たいてぃー

朝が来るのたいてぃーのレビュー・感想・評価

朝が来る(2020年製作の映画)
4.0
河瀨監督作で、原作は辻村深月。特別養子縁組に関わるヒューマンストーリー。ミステリーとのふれ込みだったが、それらしいところはなくて。息子が幼稚園で他の子に危害を加えた、って件があって、ここからミステリーが始まるかと思いきや、そうでもなく。これはつかみってことかな。
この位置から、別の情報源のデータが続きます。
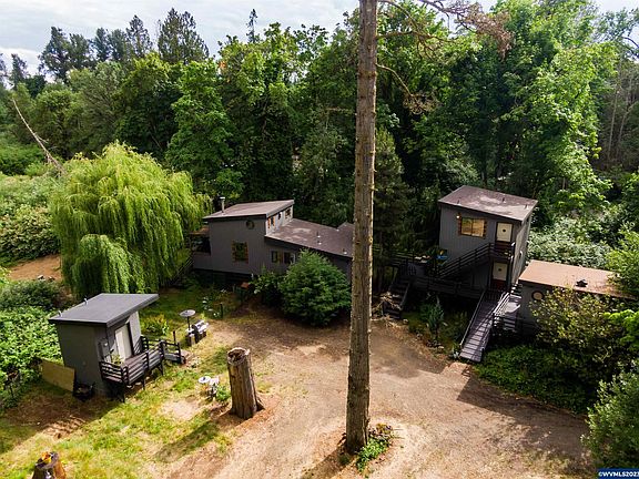 A magical and unique home filled with artisanal touches. Main house has a sleeping loft, full kitchen with dishwasher, & large bathroom with soaking tub. A 1 bd guest cottage with kitchen & full bath sits above flex space with a half bath, walk in closet, & W/D. Airbnb potential! There is also a 14’x16’ Workshop & a well house plumbed for a W/D. Nearly 2 acres and 300 ft of frontage on the Little Pudding River, including a private beach, mature trees & tons of privacy. Easy commute to Portland or Salem.

「子供を返して、駄目なら金を払え」の脅迫電話が入る。この辺りはミステリーっぽい。特別養子縁組であれば、守秘義務があるはずで何故漏れた?脅迫者は実母のようだが、現れたのは別人みたいで、養父母は「あなたは誰」?
これらの人物の現在と過去を交互に描き、不妊治療や特別養子縁組を絡めて、そして、光や樹々のメタな描写も含めて、ストーリーは重いんだけど時には爽やかに進む。ラスト付近は、予定調和的と感じられたが、これもありかなと。
役者はまさに適役ぞろい。養父母役の永作博美と井浦新、実母のひかり役の蒔田彩珠、スゴイね。蒔田彩珠は、報知映画賞で助演女優賞。NHKの連ドラに出演するそうだし、ブレイク必至。本作では、出産後に元カレを見つめる表情が印象に残る。
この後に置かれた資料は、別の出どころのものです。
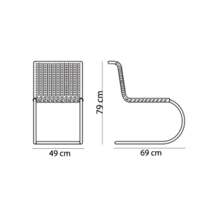 Knoll – Sedia MR Senza Braccioli Midollino; La collezione MR rappresenta alcuni dei primi progetti di mobili in acciaio di Mies van der Rohe. Il materiale della struttura è stato ispirato dal collega maestro del Bauhaus Marcel Breuer, mentre la forma è pensata per essere un derivato moderno delle sedie a dondolo in ferro del XIX secolo.

ひかりの家族役の中島ひろ子、平原テツ、駒井蓮もいい。「役積み」の効果大きいね。特別養子縁組を仲介するベビーバトン代表、浅見洋子役に浅田美代子。若い妊婦たちが出産する島で、彼女たちに接する姿に、優しさが光る。使ってる自動車がルノー・カングーってのがおしゃれ。この妊婦たちやひかりが上京した時の同僚の女性。借金取り役の青木崇高、若葉竜也。それと、井浦新演じる養父の同僚役の山本浩司。(二人の飲み屋でのシーンがYouTubeにアップされてる🍶)もう一人、ひかりが務める新聞配達店の上役の利重剛。語る口調、姿に重厚感がみなぎっていて圧倒された。本当に、皆さん素晴らしい。
「朝が来る」は、テレビ版もあって、ベビーバトン代表の浅見役は、石田えりが演じてるとのこと。どんな演技なんだろうか?気になるなあ。